A few weeks ago someone posed a question to a group that I’m a part of: “What is God asking you to do? And will you be obedient?” We were encouraged to seek Him and to ask Him what He was calling us to do. I did just that. And almost immediately, I sensed this invitation –
Go and do something you enjoy.
Seriously, Lord? Come on. We are supposed to “report in” about our obedience and this is what You give me?
Do something you enjoy.
Why? I asked. As the Middle East erupts in war. As traffickers trade people like commodities. As people I love mourn people they love. As children starve. As women disappear. As a world weeps for the One who will save it. As a world defiles that same One’s holy Name. This is what He asks of me on a Monday? That I do something I enjoy? Why?
And I’m almost sure this is what He whispered: “Because I want to enjoy it with you. I want to enjoy you.” Oh.
Well, then, what? What should I do? Silence. My choice. My decision. To obey. To have fun. Something inside of me beat back to life. I had a plane ride home to dream up a plan. Swings? I do like them, but that doesn’t seem quite long enough. A trampoline? But I’m not yet cleared for physical activity. (This, though, is still on my list.) A day trip somewhere? But it’s so hot. And, somehow, on a plane bound for home, a trip hardly seems fun to this homebody.
I opened the book I was reading. And I knew. I had been making a list of independent bookstores I wanted to visit around Houston. That was what I would do! I would spend a day exploring them. Just me and God. It felt oddly unholy but wildly freeing. The way it used to feel when I knew my mom didn’t really think I was very sick but consented to let me stay home from school anyway, and she and I would play hooky from the world for seven hours. There is something strangely sweet about stolen time, about someone wanting to spend it with you. When that someone is the Lord? Well. It’s something much more tender than I could describe.
I planned my week to keep Thursday free. I had to drop the dog off at the vet that morning. And my car needed to go to the shop. Then I planned to get a Shipley’s kolache and cinnamon twist (because, yes, donuts), come home and get a little bit of work done, and head out at 10am when the bookstores opened.

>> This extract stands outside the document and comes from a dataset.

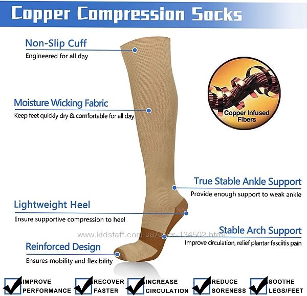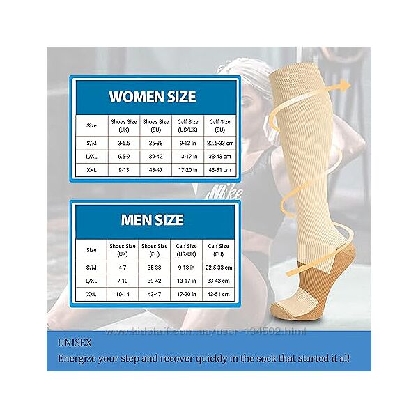 Компресійні гольфи. Роз. S-M ( 35-40), L-XL (41-46) . Унісекс. Нові. Куплені в СШАДля тих, хто багато годин працює стоячи на ногах, або для тих, хто активно займається спортом

At the car shop, they offered me a loaner. And I laughed out loud when the guy drove up in a little Mercedes sports car. I would have been fine with anything. But come on?! I drive a super practical SUV. A sports car?! Don’t tell me that God doesn’t sometimes just up and make us laugh. Parents delight to surprise their children. Why do we think God wouldn’t do the same?

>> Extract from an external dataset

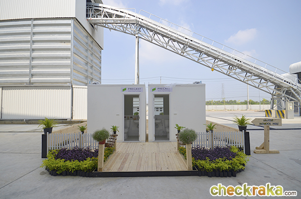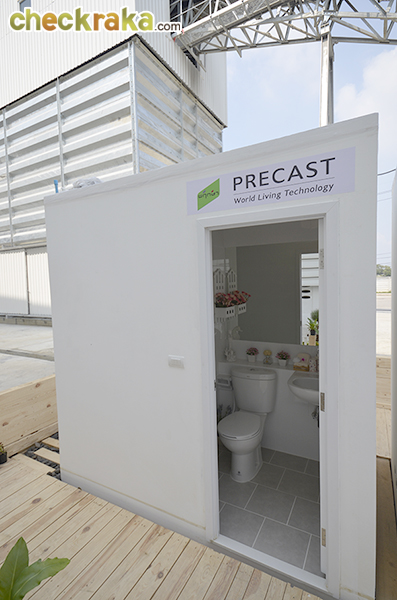 หลายปีมานี้ สังเกตได้ว่าพฤกษาเปิดโครงการใหม่ๆ อย่างต่อเนื่อง และมีทั้งแนวราบและแนวดิ่ง ซึ่งก็ปฏิเสธไม่ได้เลยว่าปัจจัยหนึ่งที่ทำให้พฤกษาสามารถก่อสร้างโครงการได้มากมายขนาดนั้นได้ ก็คือการที่พฤกษามีโรงงานผลิตชิ้นส่วนคอนกรีตสำเร็จรูปเป็นของตัวเอง ซึ่งในตอนนี้พฤกษาได้เดินเครื่องผลิตอย่างเต็มกำลังใน 7 โรงงาน ทำให้บริษัทสามารถรองรับการผลิตบ้านได้ 1,120 หลัง/เดือน ซึ่งสอดคล้องกับแผนการเปิดโครงการใหม่และแผนการส่งมอบบ้านคุณภาพให้กับลูกค้าที่เพิ่มสูงขึ้นในแต่ละปี นอกจากการผลิตผนังคอนกรีตเสริมเหล็กสำเร็จรูป, พื้นคอนกรีตเสริมเหล็ก และคานคอนกรีตเสริมเหล็กอัดแรงแล้ว ในปี 2557 พฤกษาได้นำห้องน้ำสำเร็จรูปมาใช้ในโครงการคอนโดมิเนียม ซึ่งข้อดีก็คือจะไม่มีการรั่วซึมของน้ำจากชั้นหนึ่งไปสู่อีกชั้นหนึ่งอย่างเด็ดขาด เพราะห้องน้ำจะไม่มีรอยต่อและควบคุมคุณภาพจากโรงงานอย่างละเอียดก่อนไปติดตั้งที่หน้างาน เดี๋ยวเราไปชมตัวอย่างห้องน้ำสำเร็จรูปกันเลยค่ะ

The day was amazing. You know when you want a day to be spectacular, and then sometimes it falls flat? That didn’t happen at all. It really was insanely fun. I went to six bookstores. Between stops 3 and 4, I stopped at Whole Foods and ate lunch while I read. I met neat people – book people. Book people don’t talk to you unless they have something to say. They don’t ask you how you’re doing. They don’t expect you to ask them. They don’t awkwardly follow you around the store. They let you have space. They let you touch things and open things and unwrap things. They let you read the first chapter of as many books as you can handle. They sometimes give you handwritten index-card-coupons that offer 20% off. They get excited when you get excited, but neither of you really has to say much about it. Book people. I am a book person. And it was easy to spend a day with them.
I came home with a stack of treasures. I’ve left them on the floor beside my bed. Because I like to remember. I like to remember how much fun I had. I like to remember that God invited me to enjoy myself – to enjoy Him. I like to remember that He delights to make me smile. Even in the midst of an aching world. I am His child, and He loves me.
He also really, really likes me.
And not just me. He really likes you too. When we laugh. When we wonder. When we notice things that only we would. When we’re wildly unpredictable – and also when we’re eye-rollingly predictable. When we weep for what breaks His heart. When we make someone smile. When someone makes us smile. When we’re completely at ease as the ones He has made us. When we lean our heads back to look up and catch His eye.
When we whisper, I don’t just love you Lord, I really, really like You too. And we wonder at the holiness of it all.
So, go, play hooky for a day. Steal away for seven hours and do something fun. Take your kids with you if you need to. Or call me – I’ll keep them for the afternoon. Dream up a day and then do it. Bombs will still fall. Children and women will still need rescue. It will not fix the world, but it will not harm it either.
Let laughter bubble from that place that has mistaken seriousness for holiness.
And then invite a broken world into that kind of joy. Invite a world that has forgotten what it feels like to be enjoyed into the Presence of the One who delights to see them smile. Invite a world that expects begrudging acceptance at best to know a God who at times makes you laugh with childlike wonder.
Oh, yes, Jesus weeps. He does. I know it. But He smiles too – and sometimes you’re the reason.